#### [TASK ITEM]
Copy the data exactly as it appears, and do not include any pictures.

#### [DATA]
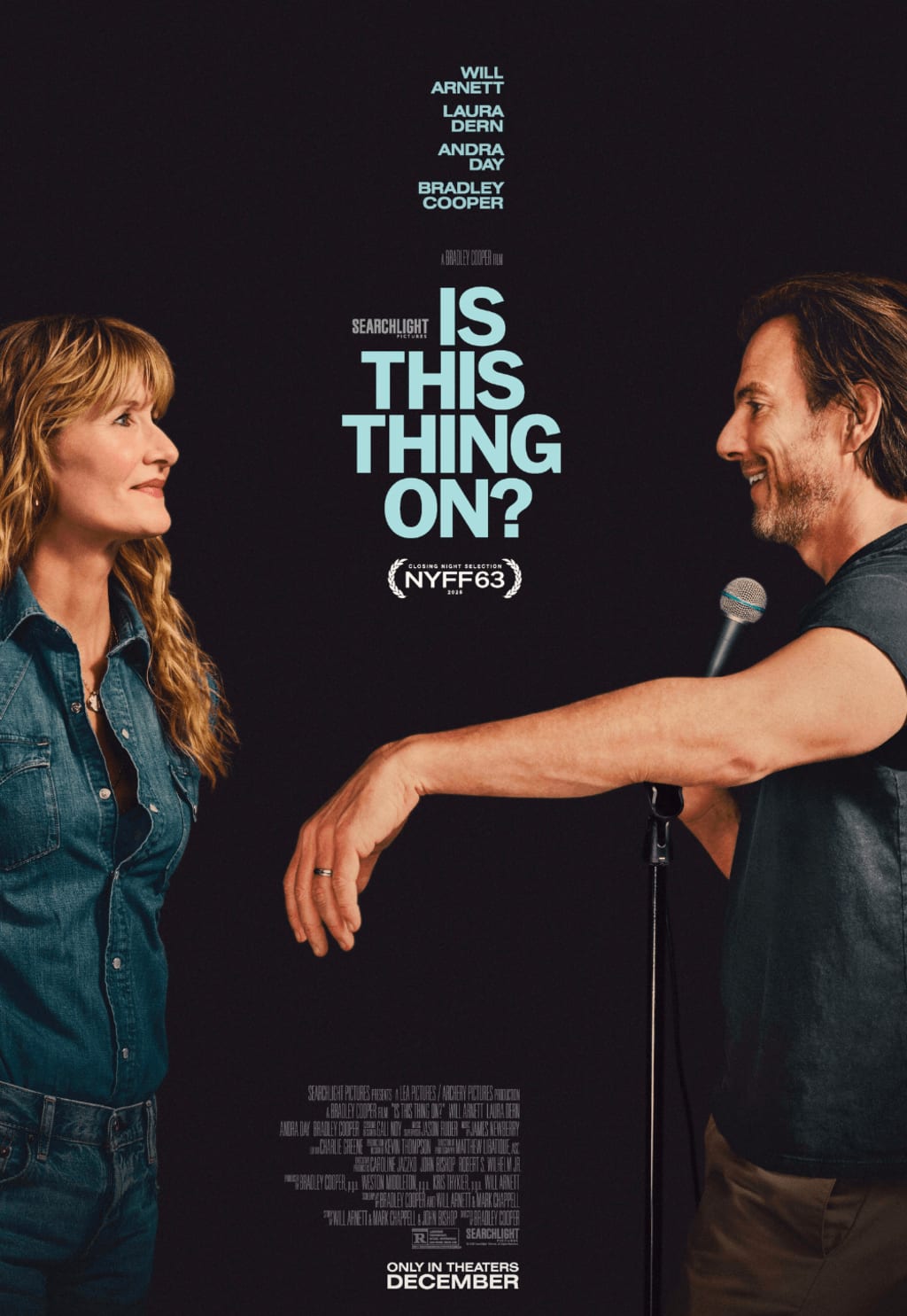 “Is This Thing On?” is an American comedy-drama based on a true story from the life of Liverpudlian comedian, John Bishop, but relocated to New York. It stars Will Arnett, playing Alex Novak, a depressed man with a failing marriage to Tess, played by Laura Dern. As we join them, the couple are beginning to live apart, having decided that the marriage is no longer working. They are figuring how to live separately and parent their two boys.
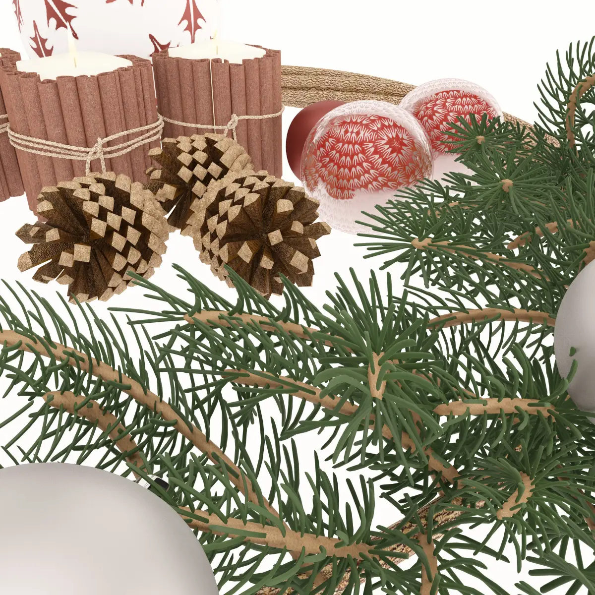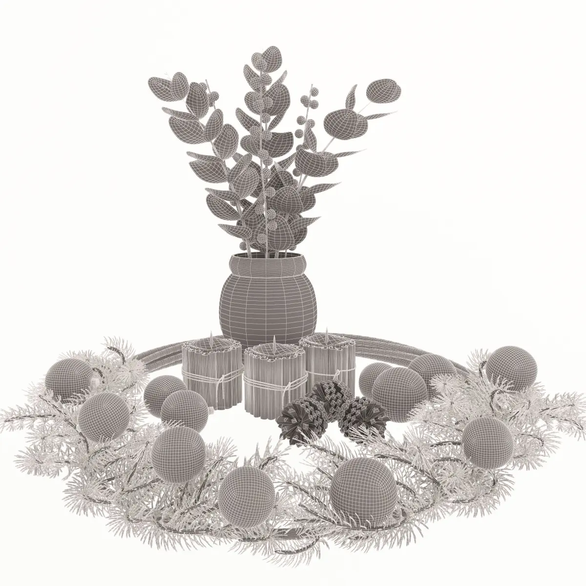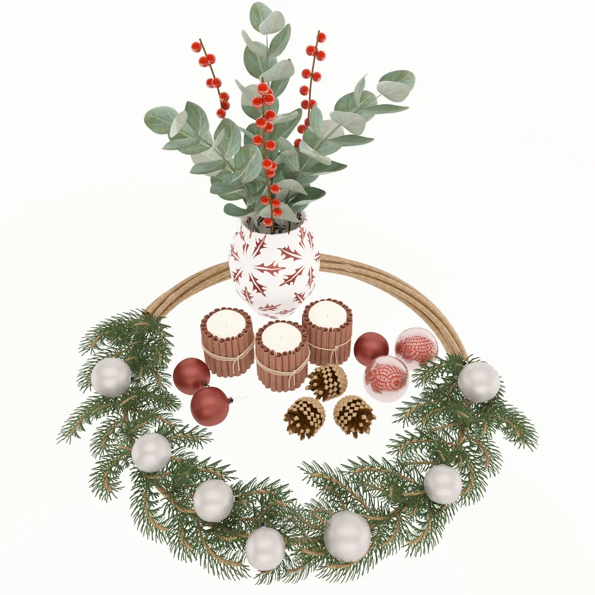 The Christmas set consists of a spruce wreath, a vase with eucalyptus and red berries, candles with cinnamon and New Year's toys
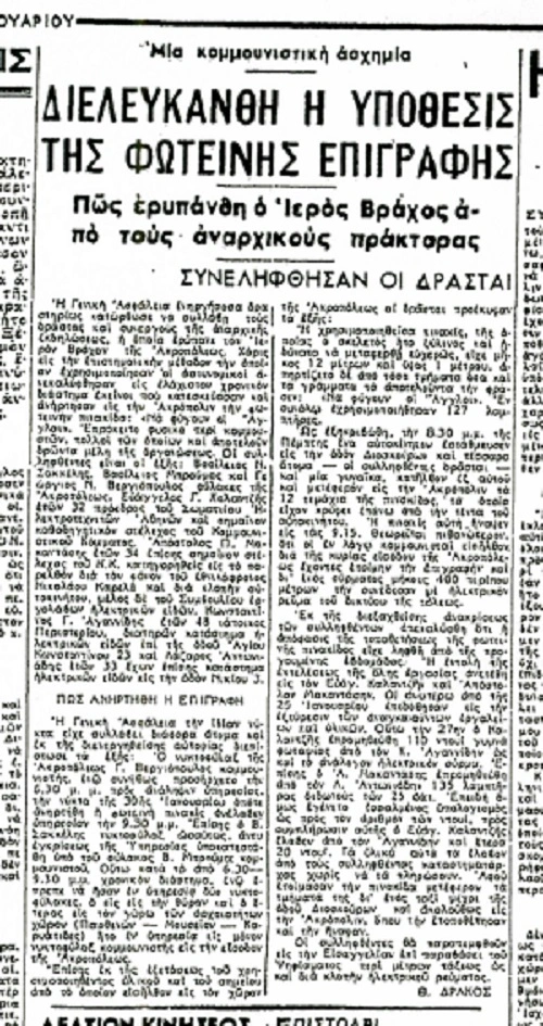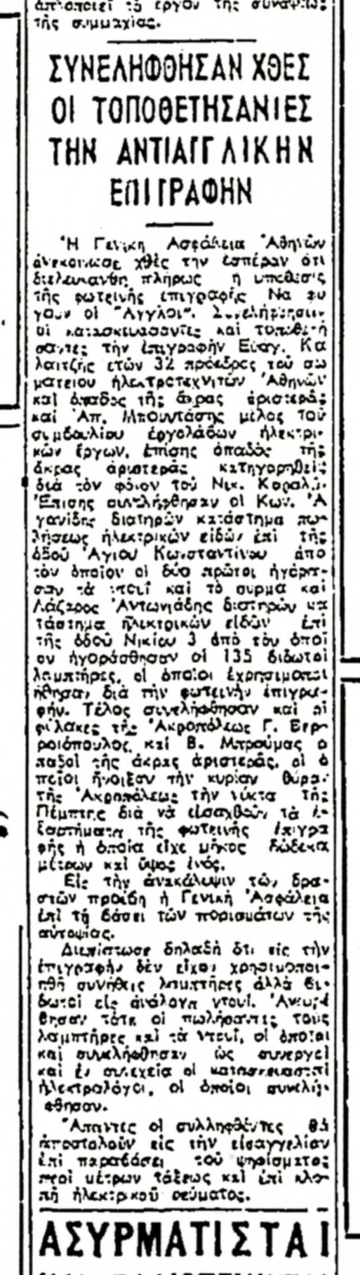Βέβαια οι εποχές δεν είναι διόλου πρόσφορες για αστεία, και την επόμενη κιόλας ημέρα συλλαμβάνονται επτά άτομα για την ενέργεια. Τρεις φύλακες του χώρου, δυο ηλεκτρολόγοι και δύο άτομα που διατηρούν κατάστημα με ηλεκτρολογικά είδη οι οποίοι μεταφέρουν τις μήκους δώδεκα μέτρων και ύψους ενός πινακίδες, με φορτηγάκι πέριξ του ιερού βράχου. Από εκεί τραβούν 400 μέτρα καλώδιο και με 110 ντουί και 135 λαμπτήρες των 25 βατ ανάβουν την φωτεινή επιγραφή. Όλοι οι συλληφθέντες –κατά την αστυνομία- είναι “σεσημασμένοι κομουνιστές” και παραπέμπονται σε δίκη για παράβαση του Ψηφίσματος περί μέτρων τάξης και για κλοπή ηλεκτρικού ρεύματος.

#### [WRITTEN RESPONSE]
 “Is This Thing On?” is an American comedy-drama based on a true story from the life of Liverpudlian comedian, John Bishop, but relocated to New York. It stars Will Arnett, playing Alex Novak, a depressed man with a failing marriage to Tess, played by Laura Dern. As we join them, the couple are beginning to live apart, having decided that the marriage is no longer working. They are figuring how to live separately and parent their two boys.
 The Christmas set consists of a spruce wreath, a vase with eucalyptus and red berries, candles with cinnamon and New Year's toys
Βέβαια οι εποχές δεν είναι διόλου πρόσφορες για αστεία, και την επόμενη κιόλας ημέρα συλλαμβάνονται επτά άτομα για την ενέργεια. Τρεις φύλακες του χώρου, δυο ηλεκτρολόγοι και δύο άτομα που διατηρούν κατάστημα με ηλεκτρολογικά είδη οι οποίοι μεταφέρουν τις μήκους δώδεκα μέτρων και ύψους ενός πινακίδες, με φορτηγάκι πέριξ του ιερού βράχου. Από εκεί τραβούν 400 μέτρα καλώδιο και με 110 ντουί και 135 λαμπτήρες των 25 βατ ανάβουν την φωτεινή επιγραφή. Όλοι οι συλληφθέντες –κατά την αστυνομία- είναι “σεσημασμένοι κομουνιστές” και παραπέμπονται σε δίκη για παράβαση του Ψηφίσματος περί μέτρων τάξης και για κλοπή ηλεκτρικού ρεύματος.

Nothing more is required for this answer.